-- Your instructions --
Starting at the first line of the entries below, restate each line exactly until you reach the line with "10) Guinea (Royal", and print that one too. Leave the pictures out and stop there.

Top of Records supplied

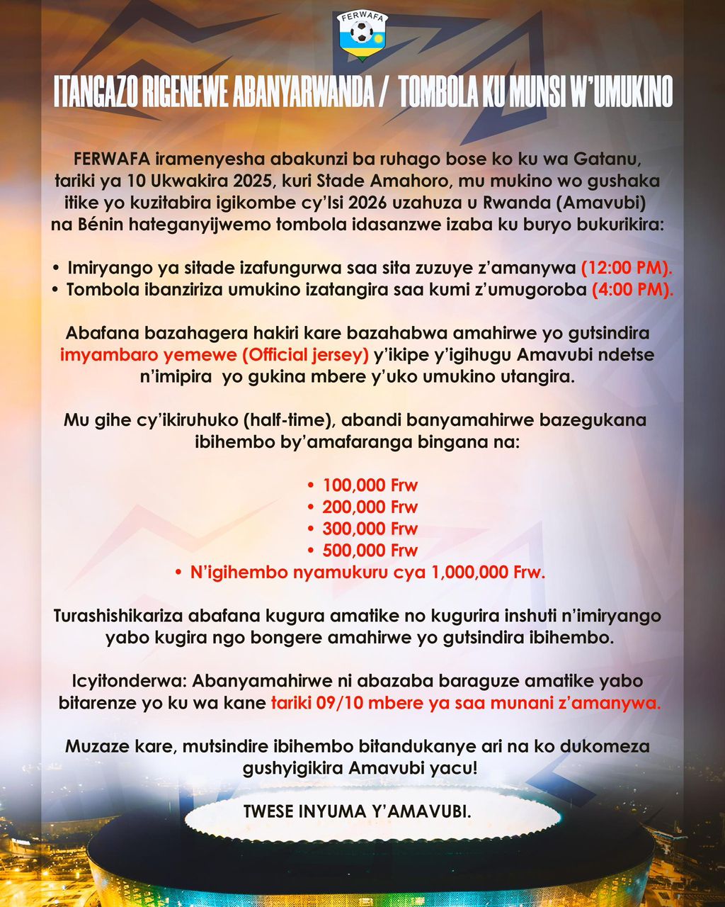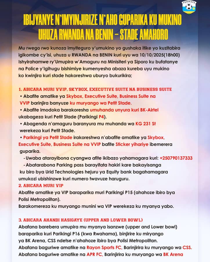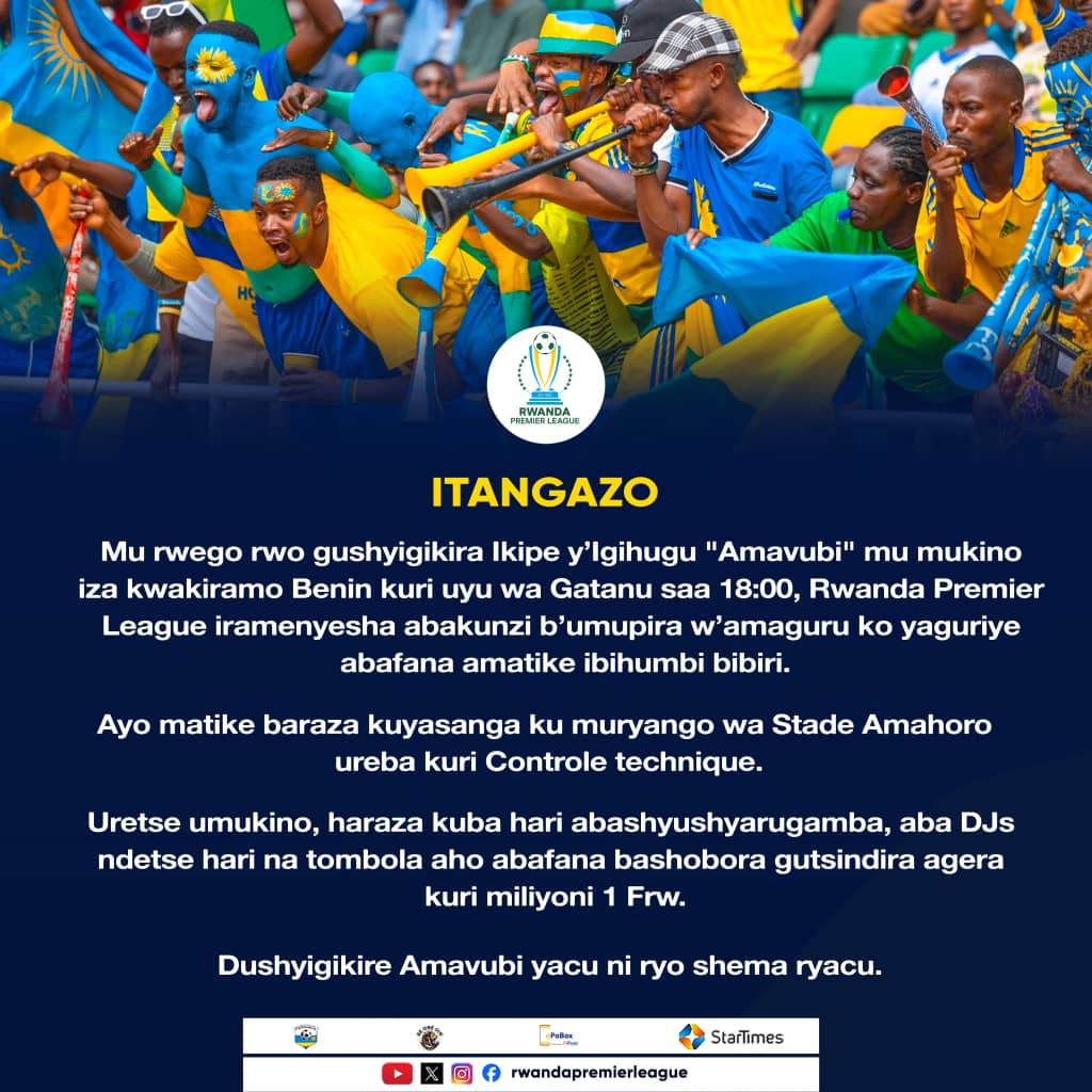 Muri iyi mikino ibiri, Ikipe y’Igihugu y’u Rwanda izakina na Benin mu mukino uzabera kuri Stade Amahoro, ku wa Gatanu tariki ya 10 Ukwakira 2025, yongere guhura na Afurika y’Epfo ku wa Kabiri w’Icyumweru gitaha, tariki ya 14 Ukwakira 2025.
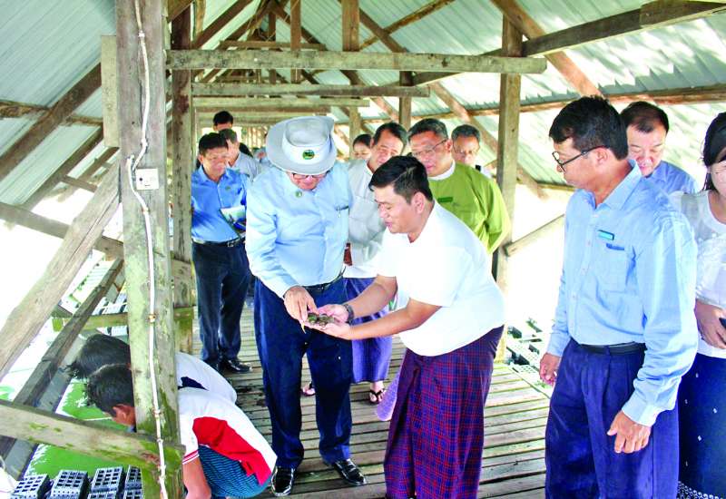 စိုက်ပျိုးရေး၊ မွေးမြူရေးနှင့်ဆည်မြောင်းဝန်ကြီးဌာန ဒုတိယဝန်ကြီး ဒေါက်တာအောင်ကြီးသည် ယမန်နေ့က ကျောက်တန်းမြို့နယ် သီတာမြိုင်ရပ်ကွက်ရှိ နေကြာပန်းကဏန်းပျော့မွေးမြူရေး ကုမ္ပဏီလီမိတက်၏ ကဏန်းပျော့မွေးမြူရေးကန် ၂၅ ကန်၌ တစ်နှစ်လျှင် ကဏန်းပျော့တန်ချိန် ၂၀၀ ခန့်ထုတ်လုပ်၍ ပြည်တွင်းရှိ ဟိုတယ်နှင့်စားသောက်ဆိုင်များသို့ တင်ပို့ဖြန့်ဖြူးရောင်းချနေမှုနှင့် စွန့်ပစ်ပစ္စည်းများဖြစ်သည့် အရေလဲထားသော ကဏန်းအရေခွံ၊ ကဏန်းအသေတို့မှ ကဏန်းအမိုင်နိုအော်ဂဲနစ် သဘာဝမြေဩဇာများ ထုတ်လုပ်နေမှုကို ကြည့်ရှုစစ်ဆေးပြီး ပုဂ္ဂလိကရင်းနှီးမြှုပ်နှံမှုနှင့် ထုတ်လုပ်မှု အရည်အသွေးမြှင့်တင်နိုင်ရေးဆိုင်ရာများကို ဆွေးနွေးမှာကြားသည်။
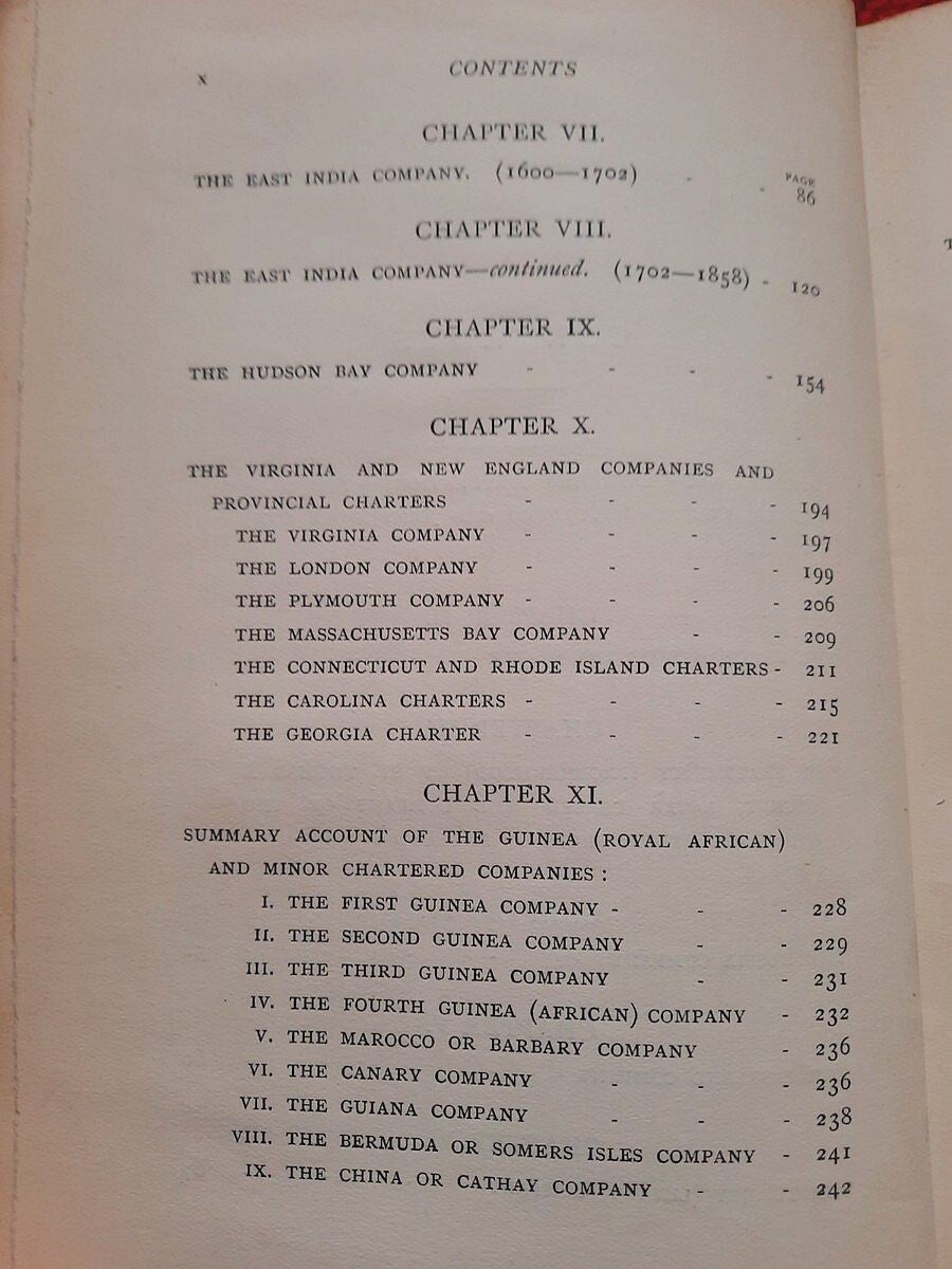 10) Guinea (Royal African) and minor chartered companies (The First Guinea Company, The Second Guinea Company, The Third Guinea Company, The Fourth Guinea (African) Company, The Marocco or Barbary Company, The Canary Company, The Guiana Company, The Bermuda or Somers Isles Company, The China or Cathay Company);
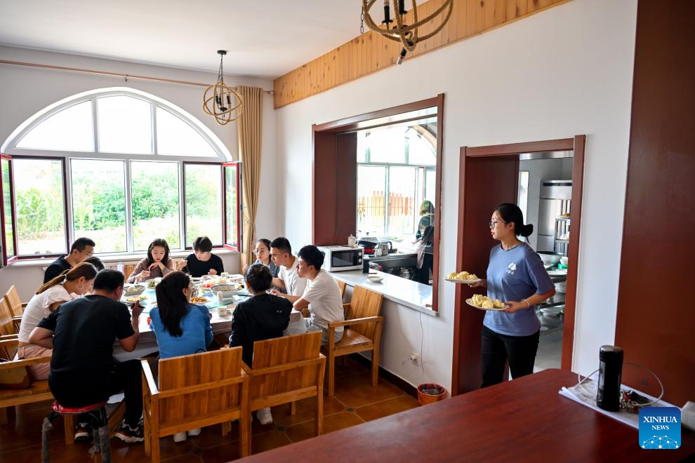 Tourists have a meal at a homestay in Laoniuwan, a border area between Qingshuihe County of north China's Inner Mongolia Autonomous Region and Pianguan County of north China's Shanxi Province, Aug. 26, 2023. In recent years, Laoniuwan Town in Qingshuihe County has taken advantage of the unique geographic location of Laoniuwan area, which is situated at the confluence of the Great Wall and the Yellow River, and vigorously supported tourism industry by developing entertainment projects to attract more visitors. (Xinhua/Liu Jinhai)
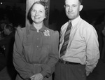 Feeders from the Corn Belt States are traveling a long distance to attend the annual Highland Hereford Feeder Cattle Show in Marfa, Texas. Pictured at the show are Mr. and Mrs. Frank Norrish. They have a farm with Texas-bred cattle in Morrison, Illinois. Mr. Norrish is serving as a judge in the show. He is wearing a dress shirt, necktie, and trousers. Mrs. Norrish is dressed in a button-up and belted dress with a handkerchief in the pocket. Published in the Fort Worth Star-Telegram morning edition, October 6, 1940.
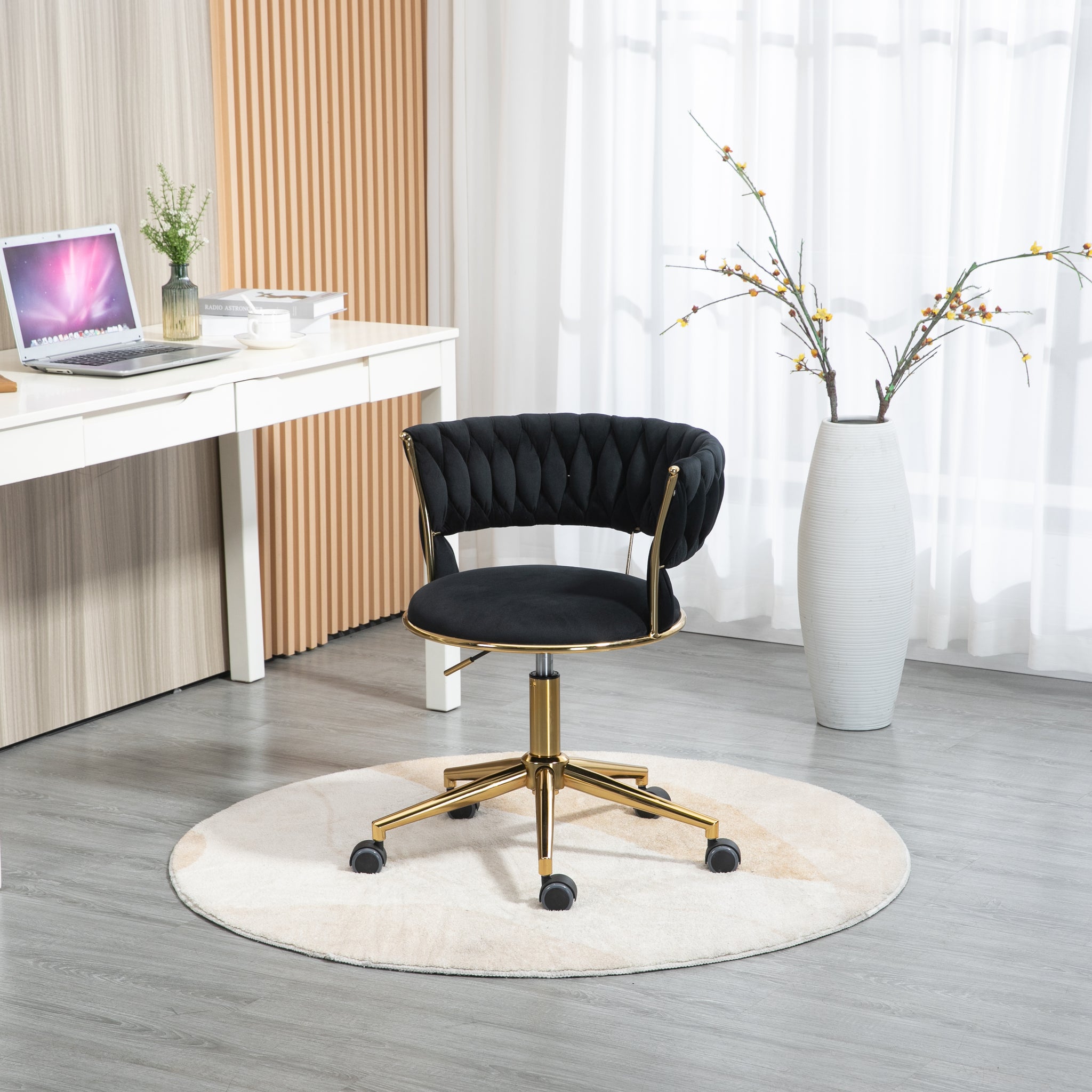 Coolmore Home Office Desk Chair, Vanity Chair, Modern Adjustable Home Computer Executive Chair Swivel Task Chair For Small Space, Living Room, Make Up, Studying Black Polyester
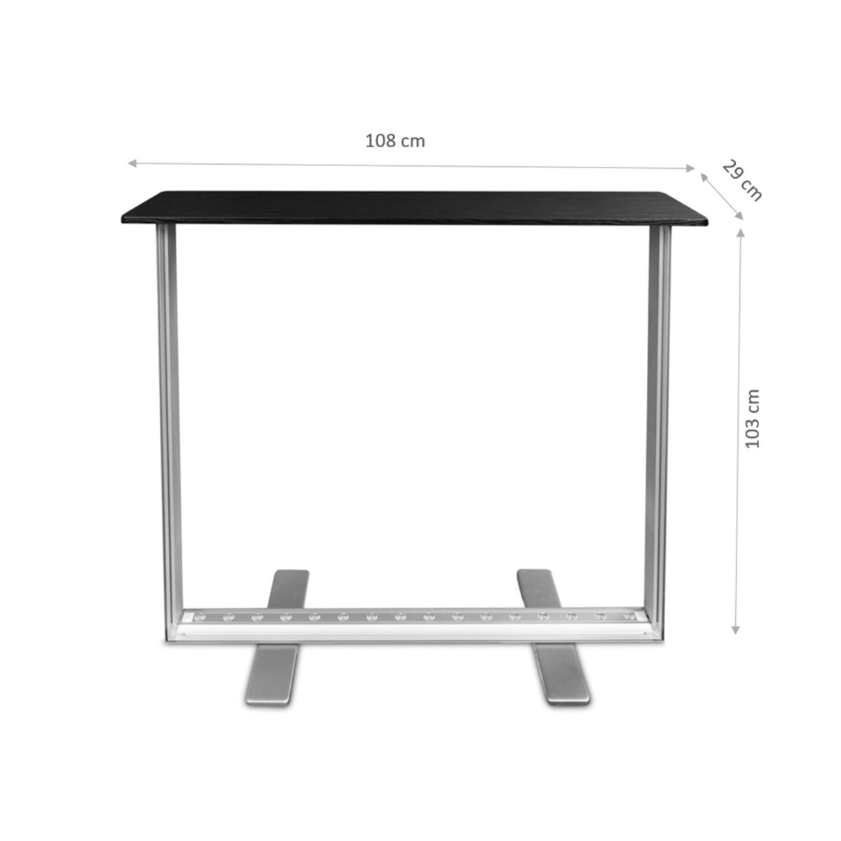 Nietuzinkowa, dwustronna trybunka reklamowa z podświetleniem ledowym. Może być doskonalszą alternatywą dla tradycyjnej lady recepcyjnej czy wystawowej. Trybunka została wykonana z mocnego i grubego aluminium anodowanego, co gwarantuje jej wysoką jakość oraz długotrwałe użytkowanie. Czarny blat z HDFu dodaje elegancji podświetlanej reklamie.
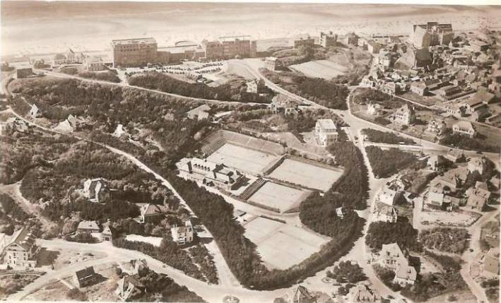 Een bijna adembenemende luchtfoto van het Casino-tenniscomplex. Nog van vóór de Tweede Wereldoorlog, want ik zie in de gauwigheid de Villa Vera nog in al haar schoonheid stevig verankerd op het duin staan. Om maar wat de noemen. En verder is aan het einde van de Oude Zeeweg, c.q. De Grent nog geen enkele sprake van de gatenkaas, met de aanleg waarvan men pas na de oorlogzou beginnen. En er stonden nog dennen, véél dennen. Die misselijke dennenscheerder was nog niet in Noordwijk gearriveerd.
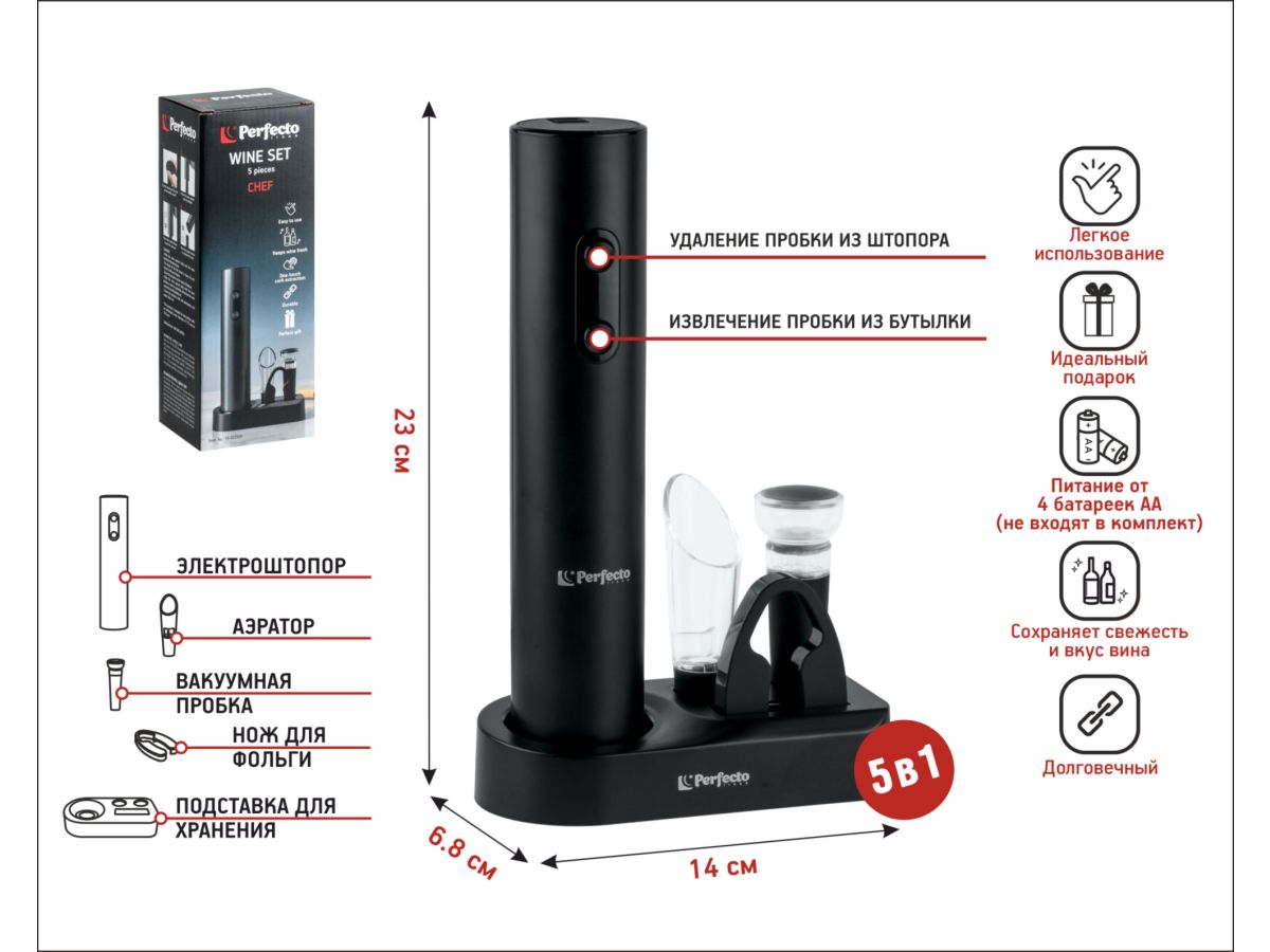 Набор для вина PERFECTO LINEA Chef 5 предметов (39-022505) – это стильное и функциональное решение для любителей благородных напитков. В комплект входит всё необходимое, чтобы процесс подачи вина стал максимально комфортным и эстетичным.

Bottom of Records supplied

-- Response --
 Muri iyi mikino ibiri, Ikipe y’Igihugu y’u Rwanda izakina na Benin mu mukino uzabera kuri Stade Amahoro, ku wa Gatanu tariki ya 10 Ukwakira 2025, yongere guhura na Afurika y’Epfo ku wa Kabiri w’Icyumweru gitaha, tariki ya 14 Ukwakira 2025.
 စိုက်ပျိုးရေး၊ မွေးမြူရေးနှင့်ဆည်မြောင်းဝန်ကြီးဌာန ဒုတိယဝန်ကြီး ဒေါက်တာအောင်ကြီးသည် ယမန်နေ့က ကျောက်တန်းမြို့နယ် သီတာမြိုင်ရပ်ကွက်ရှိ နေကြာပန်းကဏန်းပျော့မွေးမြူရေး ကုမ္ပဏီလီမိတက်၏ ကဏန်းပျော့မွေးမြူရေးကန် ၂၅ ကန်၌ တစ်နှစ်လျှင် ကဏန်းပျော့တန်ချိန် ၂၀၀ ခန့်ထုတ်လုပ်၍ ပြည်တွင်းရှိ ဟိုတယ်နှင့်စားသောက်ဆိုင်များသို့ တင်ပို့ဖြန့်ဖြူးရောင်းချနေမှုနှင့် စွန့်ပစ်ပစ္စည်းများဖြစ်သည့် အရေလဲထားသော ကဏန်းအရေခွံ၊ ကဏန်းအသေတို့မှ ကဏန်းအမိုင်နိုအော်ဂဲနစ် သဘာဝမြေဩဇာများ ထုတ်လုပ်နေမှုကို ကြည့်ရှုစစ်ဆေးပြီး ပုဂ္ဂလိကရင်းနှီးမြှုပ်နှံမှုနှင့် ထုတ်လုပ်မှု အရည်အသွေးမြှင့်တင်နိုင်ရေးဆိုင်ရာများကို ဆွေးနွေးမှာကြားသည်။
 10) Guinea (Royal African) and minor chartered companies (The First Guinea Company, The Second Guinea Company, The Third Guinea Company, The Fourth Guinea (African) Company, The Marocco or Barbary Company, The Canary Company, The Guiana Company, The Bermuda or Somers Isles Company, The China or Cathay Company);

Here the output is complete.